Ce document, ainsi que toutes les références scientifiques est disponible auprès du Centre NeuroFit.
Les troubles neurodéveloppementaux, c’est quoi?
Les troubles neurodéveloppementaux sont un terme générique qui inclut des troubles liés à un développement atypique du système nerveux. Il inclut les troubles du comportement – tel que le TDAH – , les troubles de l’apprentissage – tel que la dyslexie -, les troubles du langage, ou encore les troubles envahissants du développement, comme le spectre autistique. Ces troubles sont en augmentation et les études épidémiologiques suggèrent qu’environ 20 % des enfants présentent une forme ou une autre de trouble neurodéveloppemental.
En Suisse, il est estimé que 3-7 % des enfants souffre de TDAH, 5-12 % de dyslexie et 0.8-1 % de troubles du spectre autistique.
La prise en charge traditionnelle des troubles neurodéveloppementaux varie en fonction du diagnostic spécifique. Le TDAH est en général traité avec des mesures pharmacologiques et psychothérapeutiques. La dyslexie est traitée avec de la logopédie et des mesures de soutien scolaire. L’autisme est traité avec des interventions comportementales et des approches éducationnelles et de soutien spécialisé, parfois accompagné de médication. D’autres approches, telle que la psychomotricité, l’ergothérapie et la logopédie sont utilisées en fonction des besoins de l’individu.
Des études récentes ont clairement montré que les troubles neurodéveloppementaux avaient, comme mécanisme central, un retard dans la trajectoire développementale normotypique du cerveau. Autrement dit, le cerveau de ces enfants se développe selon la même trajectoire que celle des enfants qui se développent de manière neurotypique mais qu’ils atteignent les étapes de développement cortical avec un délai de 2 à 3 ans. Le TDAH est donc caractérisé par un retard de maturation corticale.
De nombreuses études d’imagerie cérébrale ont été faites pour tenter de trouver les différences qui distinguent le cerveau des enfants souffrant de troubles neurodéveloppementaux et les enfants qui se développent de manière neurotypique. Plusieurs zones cérébrales, telles que le cervelet, les ganglions de la base et le cortex préfrontal se retrouvent fréquemment impliquées. Pour résumer, notre compréhension actuelle est que les troubles neurodéveloppementaux se caractérisent par une immaturité de développement de certaines zones et réseaux neuronaux, qui donnent lieu à des problèmes de connectivité, un retard de développement cortical et un développement asynchrone des hémisphères.
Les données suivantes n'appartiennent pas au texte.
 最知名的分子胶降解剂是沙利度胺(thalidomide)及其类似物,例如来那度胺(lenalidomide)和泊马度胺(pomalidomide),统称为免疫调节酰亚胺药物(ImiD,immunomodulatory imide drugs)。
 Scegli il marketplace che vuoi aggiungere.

Pourtant, les approches cliniques actuelles ne prennent que rarement en compte ces nouvelles données et la plupart des approches se limitent à la modulation des symptômes ou à apporter à l’enfant des aides compensatoires, plutôt que de s’adresser au retard de développement neurologique qui sous-tend à la problématique. Par exemple, la recherche a clairement montré que, si les médicaments utilisés pour traiter le TDAH étaient efficaces pour contrôler la symptomatologie d’hyperactivité et d’inattention, leur impact sur l’amélioration de la performance académique est contestable.
Prendre en charge l’ensemble des besoins de l’enfant
Les enfants souffrants de troubles neurodéveloppementaux ne présentent pas seulement des différences dans leur développement cérébral. Ils souffrent de nombreuses autres problématiques qui ne sont que rarement prises en compte dans le modèle actuel.
Problèmes moteurs
Les études suggèrent que jusqu’à 90 % des enfants souffrant de TDAH présentent des problèmes moteurs et que ces problèmes sont gravement sous-traités, avec près de 50 % des enfants ne recevant pas de prise en charge pour ces problématiques.
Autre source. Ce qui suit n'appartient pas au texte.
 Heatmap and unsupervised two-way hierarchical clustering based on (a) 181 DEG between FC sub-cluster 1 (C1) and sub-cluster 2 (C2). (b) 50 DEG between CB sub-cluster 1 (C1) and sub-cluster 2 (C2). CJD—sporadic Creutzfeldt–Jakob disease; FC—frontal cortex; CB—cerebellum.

Une revue complète des troubles moteurs n’est pas nécessaire dans le cadre de ce rapport mais est disponible auprès de notre groupe en cas d’intérêt. Mentionnons cependant que ces problématiques incluent, mais ne sont pas limitées à :
- Signes neurologiques subtils (« neurological soft signs »)
- Syncinésies, dysrythmies et ralentissement moteur
- Présence de réflexes primitifs et posturaux non-inhibés
- Mauvais fitness physique et moteur
- Réduction de la stabilité du tronc
- Altération du contrôle postural et de l’équilibre
- Troubles vestibulaires
- Troubles oculomoteurs
- Troubles de la coordination et du séquençage et du timing moteur.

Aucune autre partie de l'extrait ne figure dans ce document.